Bitcoin Global News (BGN)
April 22, 2019 -- ADVFN Crypto NewsWire -- When moon now seems to
relate less to the overall crypto prices and more to the launches
of platforms like Bakkt. Unlike the crypto craze of 2017, it would
seem that over time, the blockchain industry has become less
fraught with wild speculation and more focused on real-world use
cases that could elevate the industry’s user base to new
heights.
Arguably, this shift in focus could
not come at a better time as events like the de-listing of certain
assets like Bitcoin SV have raised questions about the scope of
crypto exchanges’ power. For one, where does their influence
stop?
Consider how we buy our crypto now.
Almost every purchase is made on an exchange and most users use
cryptocurrencies specifically for trading or “Hodling” and nothing
else. Perhaps the best example of this are statistics like those
that were posted by the Bitcoin Market Journal in February of this
year.
Reportedly, as of December 2018,
only around 32 million Bitcoin wallets were live and of those
wallets, 7.1 million were actually being used. When considered
alongside the power of crypto exchanges, what these numbers tell us
is that the blockchain industry is very early-stage and needs more
use cases that help it to scale.
Right now, those who know of crypto
at all, likely know it for its’ trading utility. If an effort like
Bakkt could finally go live, the number of people that are
interested in cryptocurrencies and become actively involved in them
might change skyrocket.

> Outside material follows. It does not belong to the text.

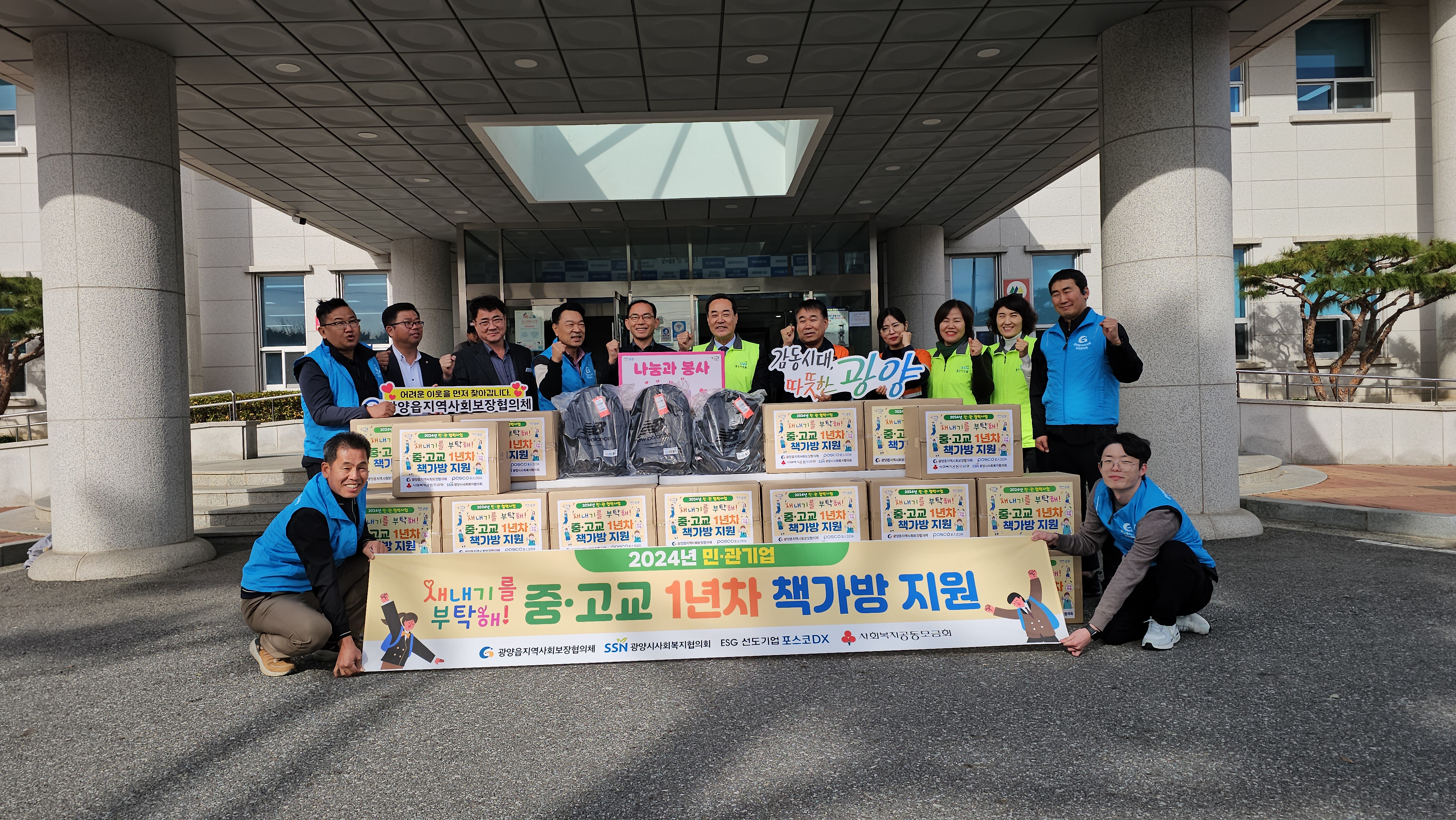 광양읍지역사회보장협의체, 광양시사회복지협의회(회장 윤태현), 포스코DX(대표 정덕균), 사회복지공동모금회 4개 기관·단체에서 민·관 협력 사업으로 뜻을 모아 추진했으며 사업비 530만 원으로 30개의 책가방을 구입해 광양읍 맞춤형복지팀이 가정방문을 통해 발굴한 한부모, 조손가구, 장애인 가구의 신입생들에게 지원했다.

If you don’t already know, Bakkt is a
platform that aims to be the one-stop shop for institutions to get
involved in cryptocurrencies.
What is hoped is that since
interested businesses will be able to store, trade, and convert
cryptocurrencies to fiat all in one place. This includes being able
to trade in Bitcoin futures-contracts. Most importantly, since
Bakkt has been created by the parent company of the New York Stock
Exchange, they likely do have connections with regulators that will
help them to cover all of the necessary bases in a legal
sense.
If you’re wondering why crypto
enthusiasts would eagerly await the launch of this project,
consider the fact that Bakkt has predicted they will essentially
create a new $270 billion market for crypto. Since, judging by
Coinmarketcap, the current total market cap of all cryptocurrencies
is only about $180 billion, this would represent more than a
doubling of the industry’s total liquidity.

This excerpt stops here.